File Topic Why it matters for this project
papers/deepstarr_nature_genetics_2022.pdf DeepSTARR enhancer activity predictor and de novo enhancer design Use as the core activity-oracle precedent. The paper validates sequence-to-activity prediction and synthetic enhancer design.
papers/expressiongan_regulatory_dna_natcomm_2022.pdf Generative design of regulatory DNA with ExpressionGAN Useful for sequence-quality analysis: naturalness, expression prediction, edit distance, GC composition, and regulatory grammar.
papers/cell_type_directed_synthetic_enhancers_nature_2024.pdf Cell-type-directed synthetic enhancer design Useful for framing enhancer generation as targeted regulatory design and for activity/specificity evaluation.
papers/coda_cell_type_targeting_cre_nature_2024.pdf Machine-guided CRE design with cell-type targeting Useful for on-target/off-target activity analysis and predictor-guided sequence selection.
papers/dna_diffusion_nature_genetics_2026.pdf DNA-Diffusion for synthetic regulatory elements Closest high-impact diffusion reference: activity, specificity, sequence diversity, and experimental validation.
papers/d3_discrete_diffusion_regulatory_activity_2024.pdf D3 score-entropy discrete diffusion for regulatory DNA Closest methodological reference for conditional discrete diffusion and evaluation with functional, sequence, and motif metrics.
papers/drakes_reward_optimized_discrete_diffusion_2024.pdf Reward optimization for discrete diffusion Useful future-work direction: combine diffusion naturalness with predictor/reward optimization.
papers/atgc_gen_controllable_dna_language_models_2025.pdf Controllable DNA generation with language models Useful baseline framing for autoregressive vs masked-recovery objectives and controllability metrics.
papers/rl_regulatory_dna_design_2025.pdf Reinforcement learning for CRE design Useful baseline/future-work reference for optimizing regulatory DNA with biological priors.

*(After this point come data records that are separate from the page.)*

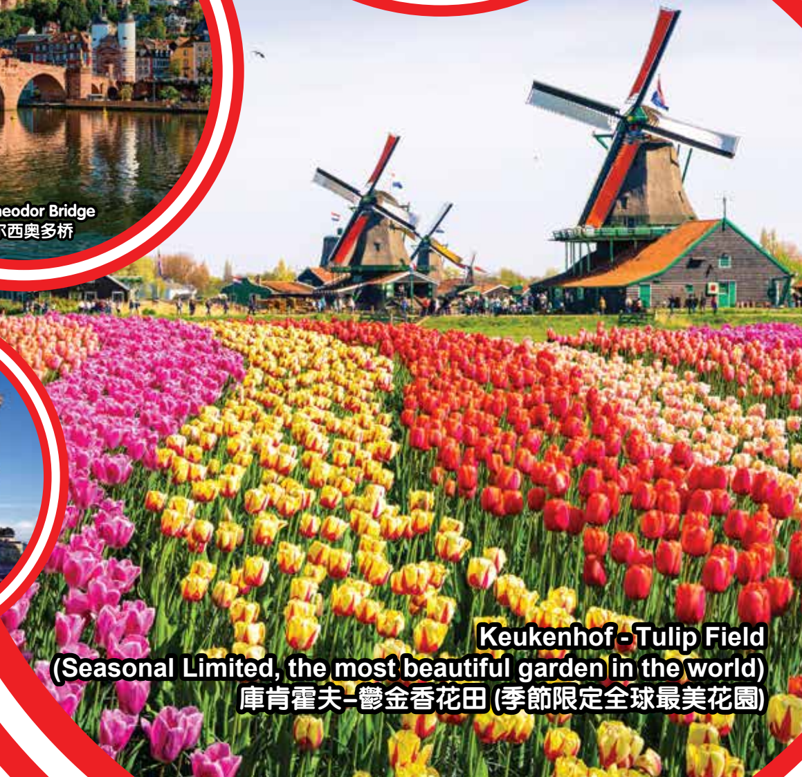
Keukenhof - Tulip Field (Seasonal Limited, the most beautiful garden in the world) 庫肯霍夫-鬱金香花田 (季節限定全球最美花園)

行程次序，以當地旅社安排為準。 Sequences of Itinerary are subject to local arrangement.
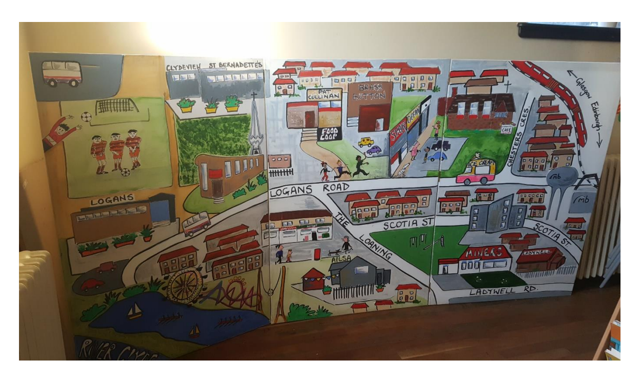
Asset map created in Motherwell, Scotland
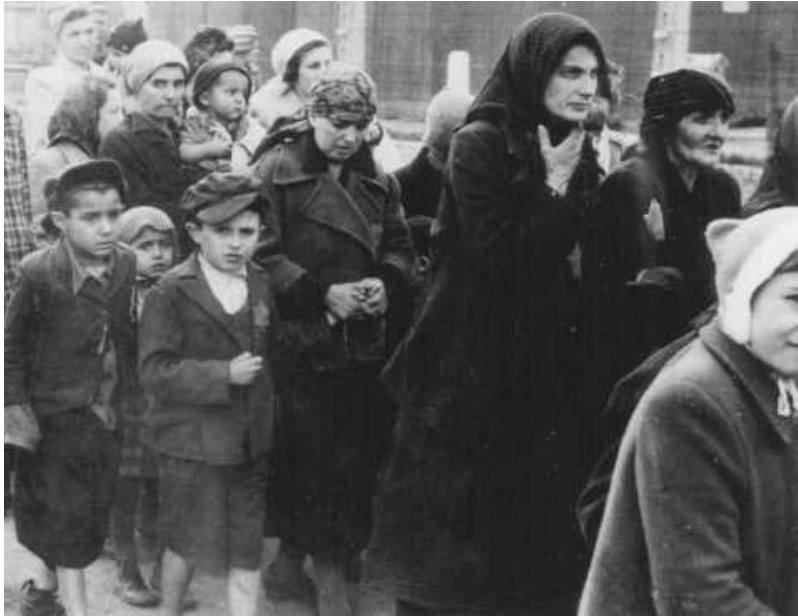
Hungarian Jews on their way to the gas chambers. Auschwitz-Birkenau, Poland, May 1944.

How to Use These Papers in the Manuscript

Recommended related-work grouping:

  1. Sequence-to-activity models for enhancer design: DeepSTARR.
  2. Generative design of regulatory DNA: ExpressionGAN, cell-type-directed synthetic enhancers, CODA.
  3. Controllable genomic language models and reward optimization: ATGC-Gen, RL regulatory DNA design, DRAKES.
  4. Discrete diffusion for regulatory sequence design: D3 and DNA-Diffusion.

Recommended positioning for this project:

This work provides a unified predictor-guided evaluation of autoregressive and masked-diffusion genomic foundation models for controllable enhancer sequence generation on DeepSTARR.

The strongest paper claim should not be "a completely new model" unless more training and benchmarking are added. A safer claim is that the work compares conditioning strategies and evaluation axes for enhancer generation: activity, specificity, diversity, and biological sequence fidelity.